:: AIM OF THE EXERCISE ::
With the pictures left out, print exactly the lines below that run from the one containing "Наша гирлянда - это" through the one containing "Time Factory AJ-BB643BLK".

:: TASK INPUT ::
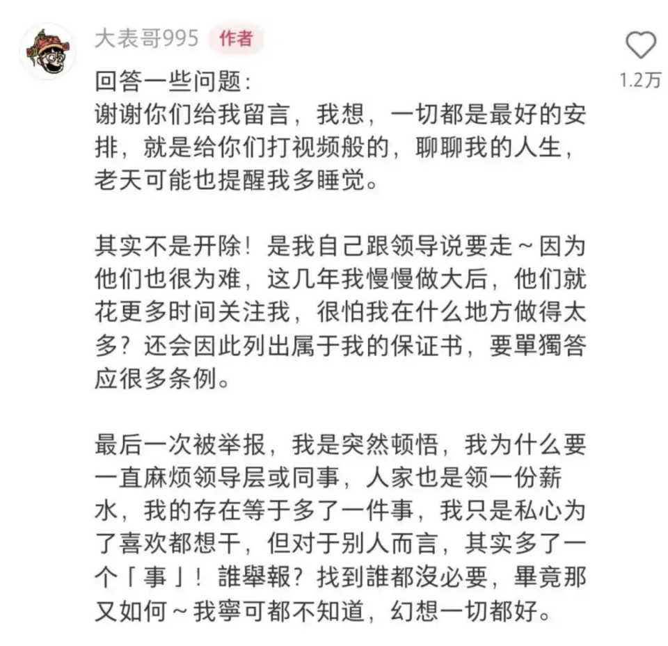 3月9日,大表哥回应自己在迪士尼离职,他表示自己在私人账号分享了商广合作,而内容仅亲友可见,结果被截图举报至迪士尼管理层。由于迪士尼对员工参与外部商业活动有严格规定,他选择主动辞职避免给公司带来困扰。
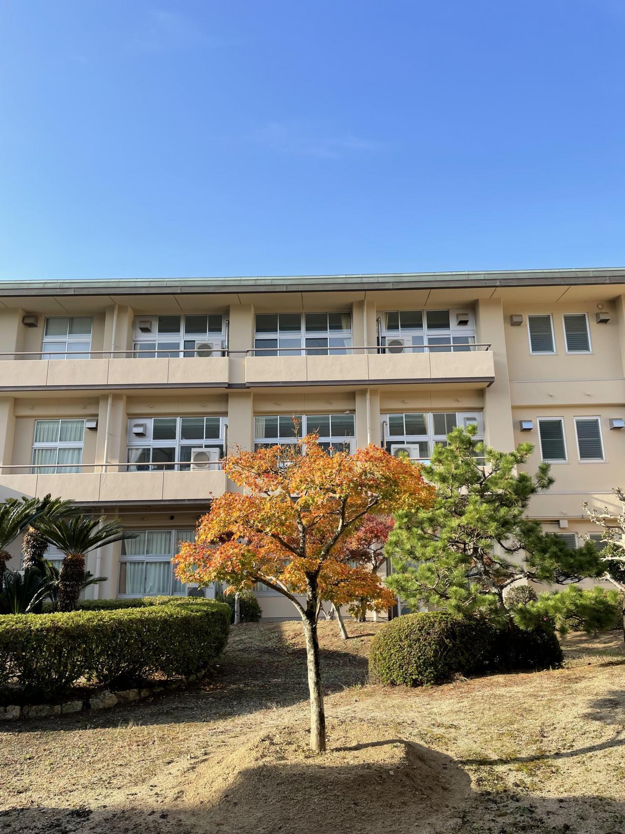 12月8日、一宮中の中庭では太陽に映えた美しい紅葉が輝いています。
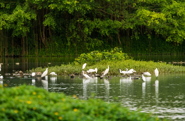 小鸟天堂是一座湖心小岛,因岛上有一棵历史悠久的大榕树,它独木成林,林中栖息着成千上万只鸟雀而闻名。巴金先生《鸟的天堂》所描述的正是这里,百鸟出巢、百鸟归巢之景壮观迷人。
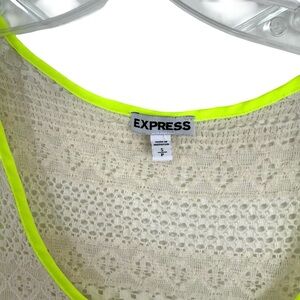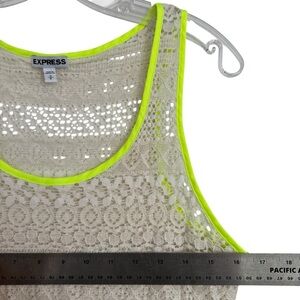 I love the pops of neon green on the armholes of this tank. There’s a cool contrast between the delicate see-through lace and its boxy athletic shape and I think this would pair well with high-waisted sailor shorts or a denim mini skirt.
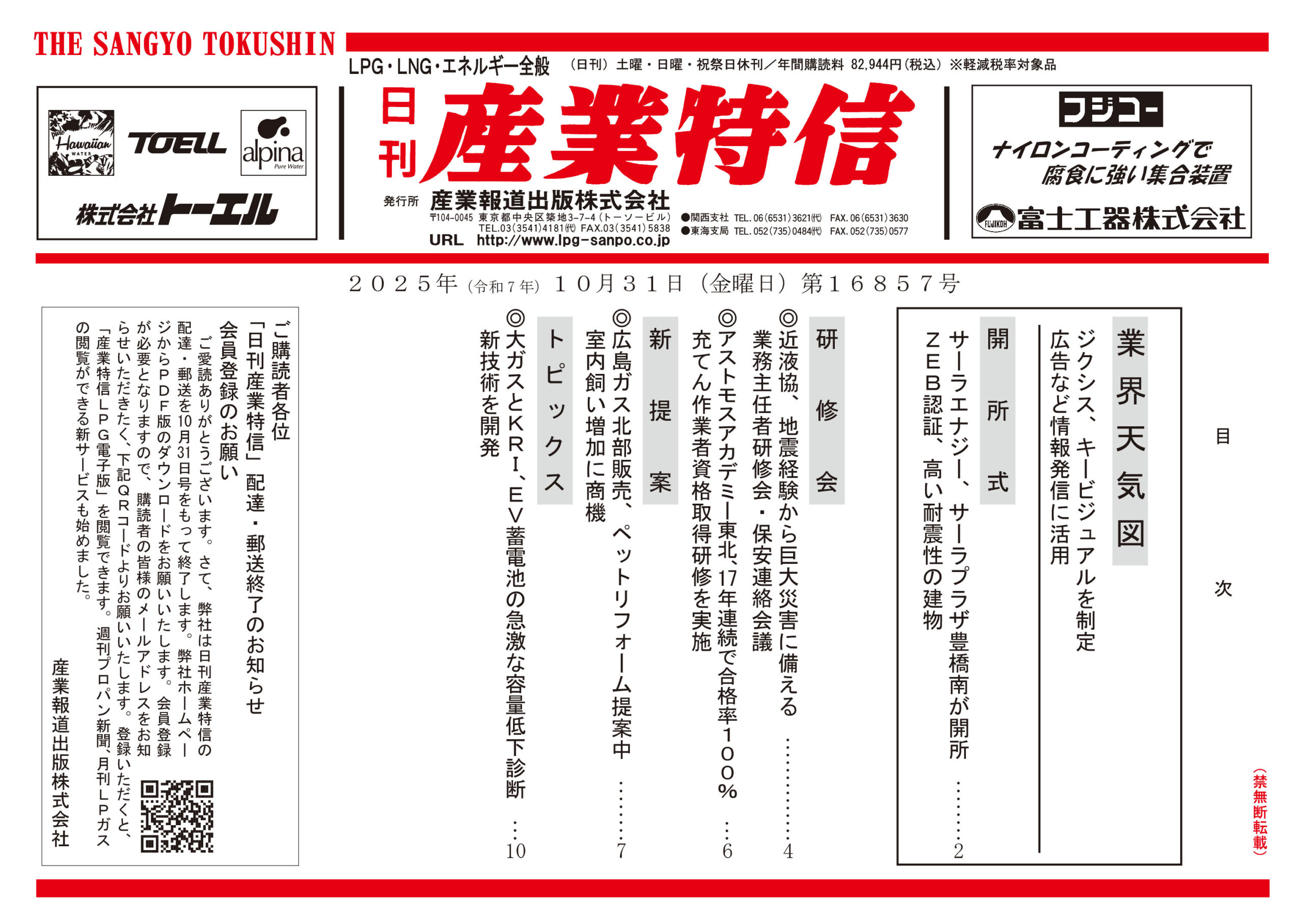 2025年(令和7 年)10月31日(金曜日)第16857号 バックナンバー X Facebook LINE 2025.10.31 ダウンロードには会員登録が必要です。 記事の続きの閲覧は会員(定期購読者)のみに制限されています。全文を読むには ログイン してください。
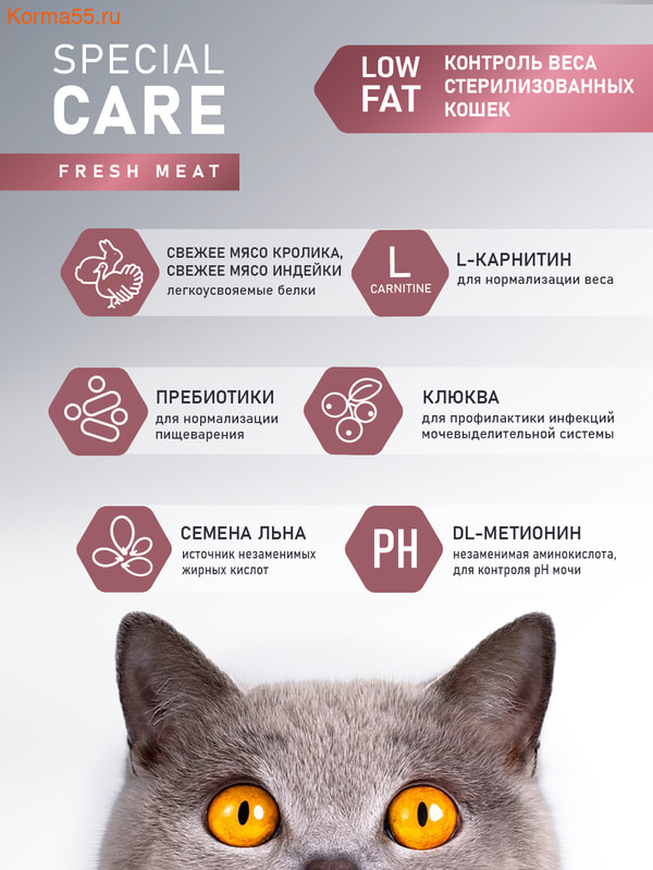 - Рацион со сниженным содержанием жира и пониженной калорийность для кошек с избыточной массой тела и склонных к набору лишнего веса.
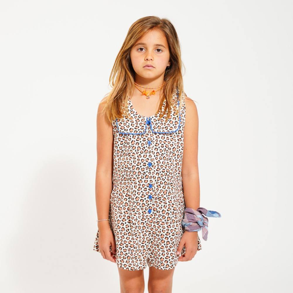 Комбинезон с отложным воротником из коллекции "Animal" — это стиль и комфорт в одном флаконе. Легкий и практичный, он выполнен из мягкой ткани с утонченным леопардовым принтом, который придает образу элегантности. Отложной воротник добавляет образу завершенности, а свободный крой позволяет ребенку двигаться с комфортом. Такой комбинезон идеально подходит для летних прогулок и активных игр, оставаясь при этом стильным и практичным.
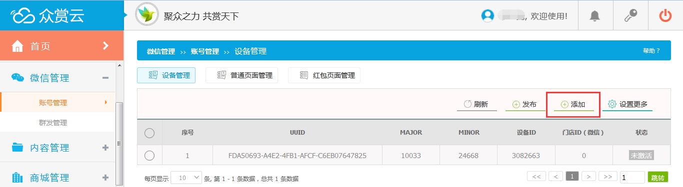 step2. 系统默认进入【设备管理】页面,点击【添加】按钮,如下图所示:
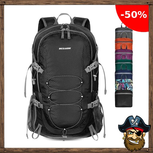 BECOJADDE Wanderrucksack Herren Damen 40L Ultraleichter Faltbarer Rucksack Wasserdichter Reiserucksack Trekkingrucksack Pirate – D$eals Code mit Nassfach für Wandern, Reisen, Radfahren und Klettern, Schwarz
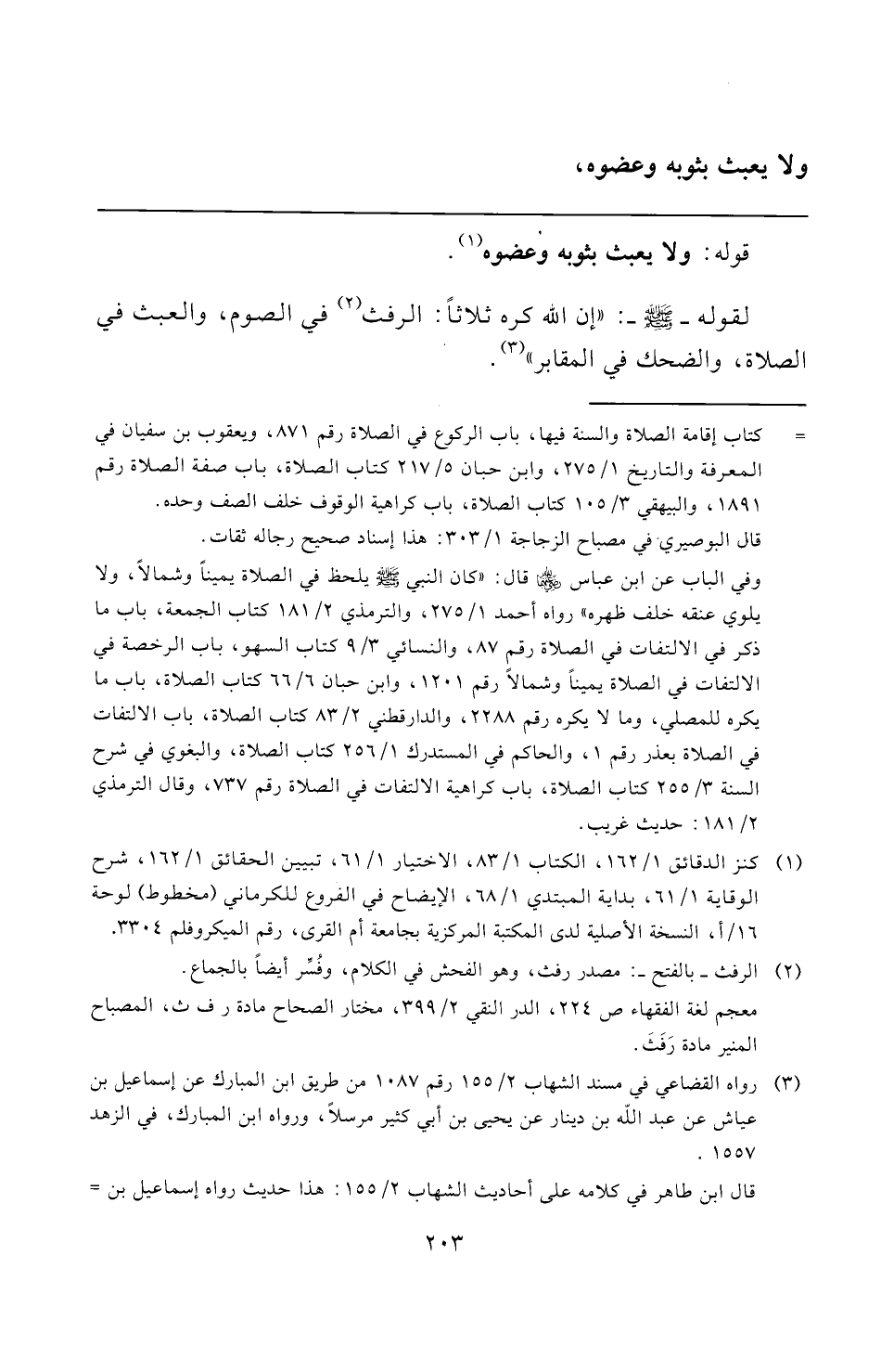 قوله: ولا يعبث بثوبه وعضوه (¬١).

==

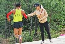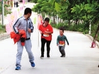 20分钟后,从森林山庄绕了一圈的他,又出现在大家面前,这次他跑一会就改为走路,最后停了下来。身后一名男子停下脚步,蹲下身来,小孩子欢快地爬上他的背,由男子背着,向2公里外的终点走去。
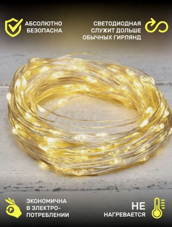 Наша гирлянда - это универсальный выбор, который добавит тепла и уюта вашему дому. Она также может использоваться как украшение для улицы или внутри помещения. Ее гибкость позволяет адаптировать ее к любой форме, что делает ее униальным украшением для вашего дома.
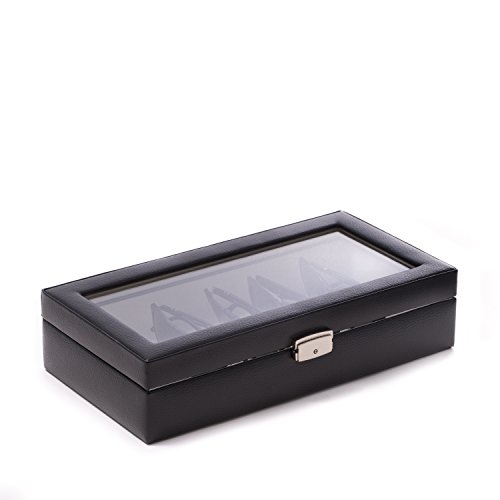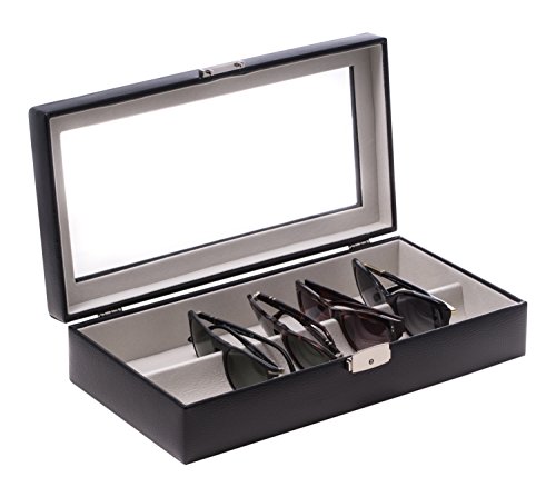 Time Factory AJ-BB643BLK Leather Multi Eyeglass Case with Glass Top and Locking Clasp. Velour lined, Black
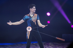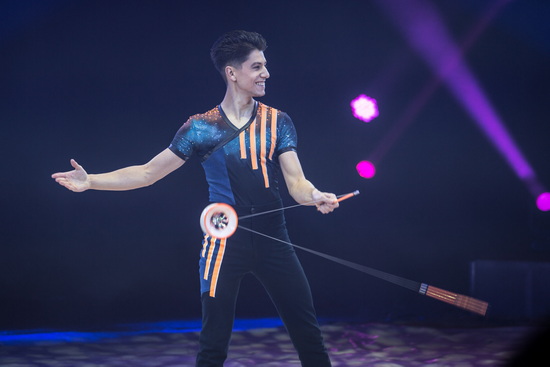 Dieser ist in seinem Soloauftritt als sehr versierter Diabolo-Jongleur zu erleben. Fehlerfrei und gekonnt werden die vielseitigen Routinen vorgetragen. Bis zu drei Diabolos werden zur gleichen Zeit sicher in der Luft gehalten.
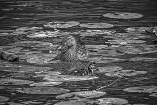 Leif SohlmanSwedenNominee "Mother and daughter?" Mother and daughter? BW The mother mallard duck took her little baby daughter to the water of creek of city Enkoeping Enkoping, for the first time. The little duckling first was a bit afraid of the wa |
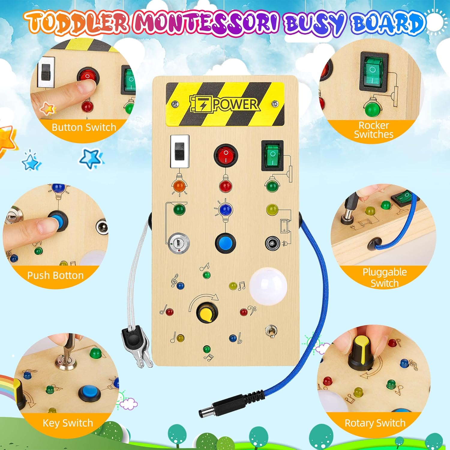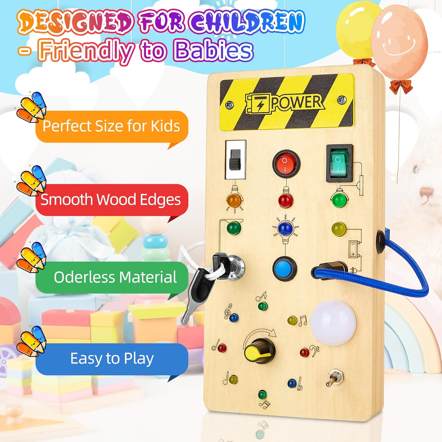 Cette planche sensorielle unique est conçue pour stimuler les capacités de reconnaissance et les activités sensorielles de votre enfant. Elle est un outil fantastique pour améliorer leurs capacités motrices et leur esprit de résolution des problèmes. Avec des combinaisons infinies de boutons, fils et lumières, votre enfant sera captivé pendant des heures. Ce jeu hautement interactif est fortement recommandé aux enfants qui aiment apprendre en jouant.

:: YOUR RESPONSE ::
 Наша гирлянда - это универсальный выбор, который добавит тепла и уюта вашему дому. Она также может использоваться как украшение для улицы или внутри помещения. Ее гибкость позволяет адаптировать ее к любой форме, что делает ее униальным украшением для вашего дома.
 Time Factory AJ-BB643BLK Leather Multi Eyeglass Case with Glass Top and Locking Clasp. Velour lined, Black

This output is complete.